2014: the year for every newborn

By Lara Brearley

2014 must be the year of the newborn. As Smith’s recent article states, despite huge strides in child survival, progress during the neonatal period has been disproportionately slow. Inaction is no longer an option – in many countries, persistently high rates of newborn mortality will hold countries back from attaining their Millennium Development Goal (MDG) 4 targets. Looking forward, beyond 2015, as we raise ambition to end all preventable maternal and child deaths, the newborn burden is ever more pertinent. Achieving such gains will require greater political resolve and investment to increase coverage of interventions for those who need them most, while tackling the social determinants of health that shape health inequities. But as the article critically demonstrates, efforts to scale up and sustain coverage must promote complementary and integrated solutions for the sector through strengthening the health system. As such, our focus on newborns must be a catalyst for progress towards universal health coverage (UHC).

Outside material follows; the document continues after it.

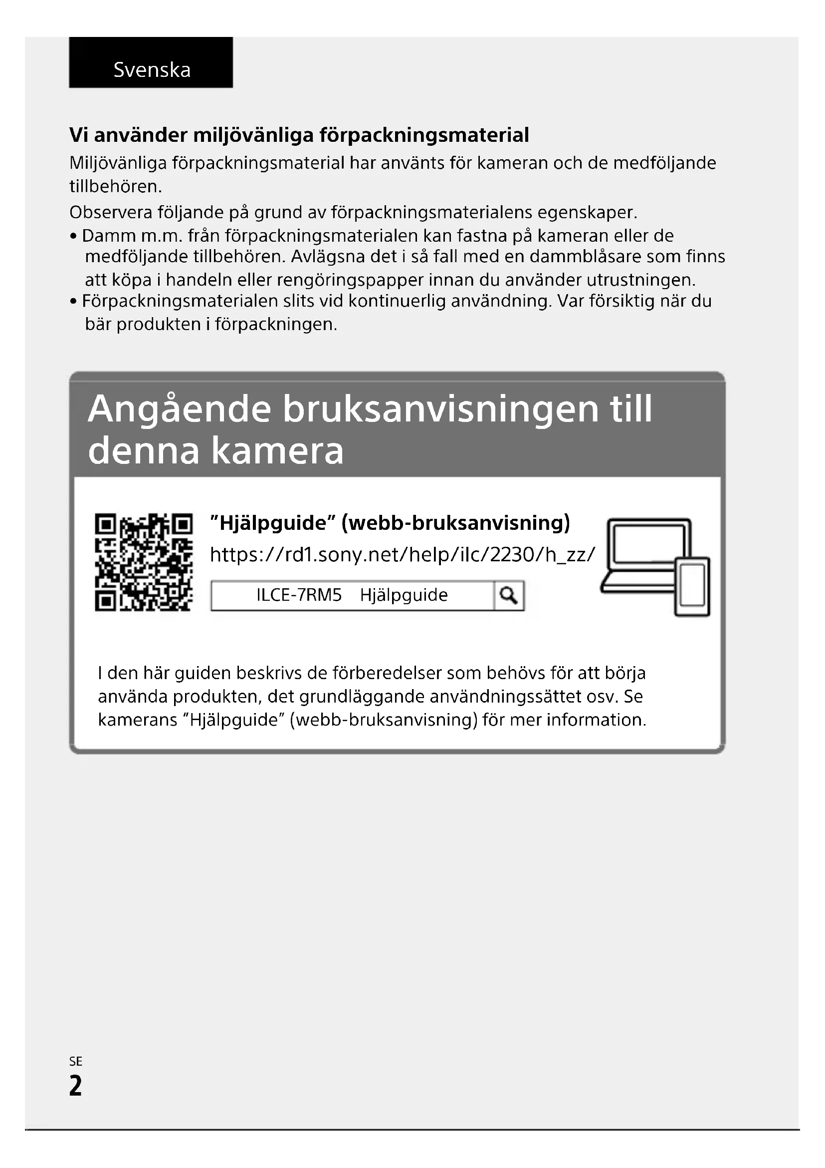 \\win-473\CAMERA\CreatorsApp_SG_kaihan_Hubpage\Multi\2_Compose\2_CX89200(GL)\Printed in Thailand-STT\5043817421_14lang\5043817421ILCE7RM5CEC\11SE-ILCE7RM5CEC\11SE.indd DTP data saved: 2023/04/12 18:52 PDF file created: 2023/04/12 18:53 Svenska Vi använder miljövänliga förpackningsmaterial Miljövänliga förpackningsmaterial har använts för kameran och de medföljande tillbehören.Observera följande på grund av förpackningsmaterialens egenskaper.• Damm m.m. från förpackningsmaterialen kan fastna på kameran eller de medföljande tillbehören. Avlägsna det i så fall med en dammblåsare som finns att köpa i handeln eller rengöringspapper innan du använder utrustningen.• Förpackningsmaterialen slits vid kontinuerlig användning. Var försiktig när du bär produkten i förpackningen. Angående bruksanvisningen till denna kamera https://rd1.sony.net/help/ilc/2230/h_zz/ ”Hjälpguide” (webb-bruksanvisning) ILCE-7RM5 HjälpguideI den här guiden beskrivs de förberedelser som behövs för att börja använda produkten, det grundläggande användningssättet osv. Se kamerans ”Hjälpguide” (webb-bruksanvisning) för mer information.ILCE-7RM55-043-817-42(1)

A proxy for health system strength

The time of birth and the weeks that follow are when a child is most vulnerable and in need of responsive, quality care. Patterns in newborn survival are a powerful proxy for the strength of the health system, with wide inequities revealing our failure to build robust health systems that ensure all expectant mothers are in reach of a health worker who is appropriately trained, skilled, equipped, supported, remunerated and motivated to meet her needs and those of her newborn baby. Inadequate, ineffective and inequitable health financing, leave the system weak and underfunded and place the burden of ill-health on those most vulnerable and in need, causing an estimated 100 million people to face impoverishment each year.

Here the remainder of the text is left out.